В ту минуту он раз и навсегда понял чуть ли не самую главную вещь про себя самого.
Он хотел стать писателем.
То есть, конечно, увлечений было море. Коллекционные динозавры, мультики, игровые приставки, игры с друзьями, кружок журналистики, группа любителей кино, театральная студия. Жить вообще было интересно, и он жил полно, жадно – потому что чем большими вещами он занимался, чем больше видел и знал, тем лучше мог написать об этом. А это было самое главное; всё остальное было увлечением, а тексты были основанием и объяснением для всего. Какой интерес, например, смотреть мультфильм, не придумывая альтернативного развития сюжета? Как можно, например, читать книгу, не примеряя на себя – сможешь ты написать так же, лучше, или играешь в другой лиге?
В школе он писал сочинения за всех своих друзей, и на важные контрольные образовывались очереди, которые организованно передавали ему свои варианты. Эти же друзья ненавидели ходить с ним в кино, потому что он всегда громко возмущался надуманными сюжетными поворотами и на ходу придумывал, как было бы лучше решить ту или иную сцену. Фильм сразу переставал нравиться, потому что его идеи часто были выигрышней, чем то, что показывали на экране.
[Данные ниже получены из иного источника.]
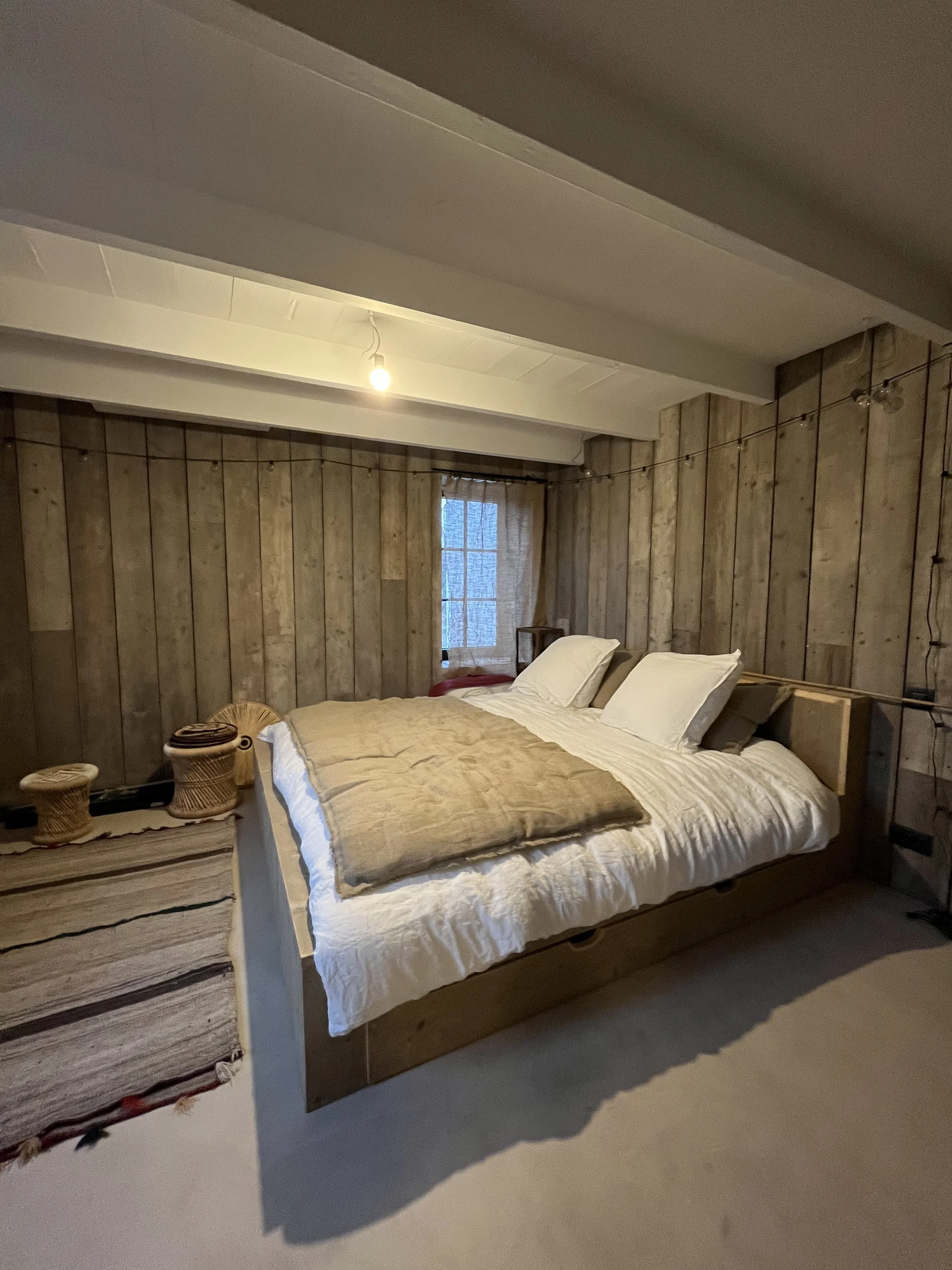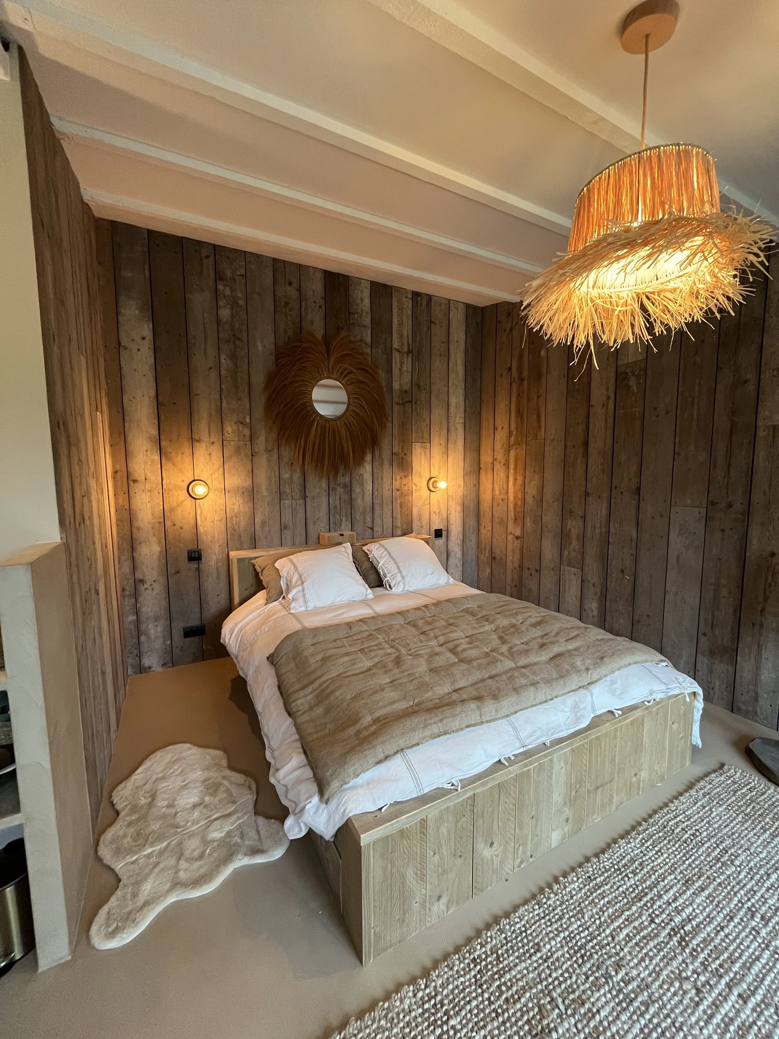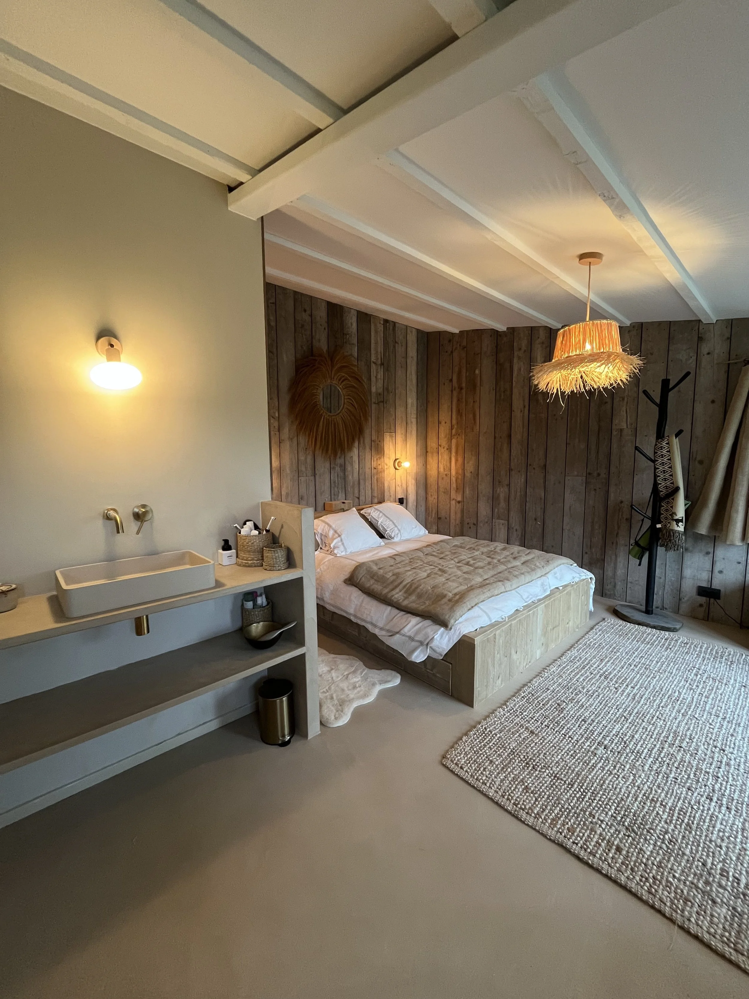 Cette fermette située aux Pays-Bas, à la frontière belge, a été entièrement rénovée à l’intérieur et à l’extérieur. D’une habitation 1 chambre et 1 salle de bain, elle a été transformée en 2 chambres, 2 salles de bains et un bureau. Sols et salles de bain en mortex, murs en chêne vieilli, le tout donne une atmosphère chaleureuse et cosy.

Когда в десять лет из-за глупой ветрянки его не отпустили на каникулы в Диснейленд, он знал, чем может возместить свою обиду. По одной таская все десять больших тетрадок из стола старшей сестры, он писал сказочную повесть.
Когда в четырнадцать лет он впервые влюбился в девушку, а она стала встречаться с его лучшим другом, он знал, как пережить это разочарование. Начиная каждую главу с печальной элегии, он посвящал ей свой роман.
Когда в восемнадцать лет он окончил школу, переехал с приятелем в Лондон и вкусил по полной все прелести самостоятельной жизни, он знал, как окончательно не сорваться в пропасть кружащей голову молодости.
Он должен был накопить на колледж, чтобы стать писателем.
О своём колледже он мечтал давно. И не только мечтал, а чётко наметил своей целью. К выбору Гилберт подошел основательно. Мама вообще говорила, что он обстоятельный мальчик, правда, слишком увлекающийся. Ещё в средней школе он подробно изучил все требования, программу и стоимость обучения, в старшей школе уже начал откладывать карманные деньги, а работу на год после школы выбирал так, чтобы скорее собрать требуемую сумму. Он знал, что нужно сделать, чтобы добиться цели, и продумал себе четкую схему её достижения. Писатель – это книги, книги – это образование, образование – это колледж, внушали ему всю жизнь. В семье директора средней школы и учительницы младших классов образование ценилось едва ли не больше всего остального. Гилберту нужно было стать писателем, а писатель непременно должен быть образован; значит, колледж был ему необходим.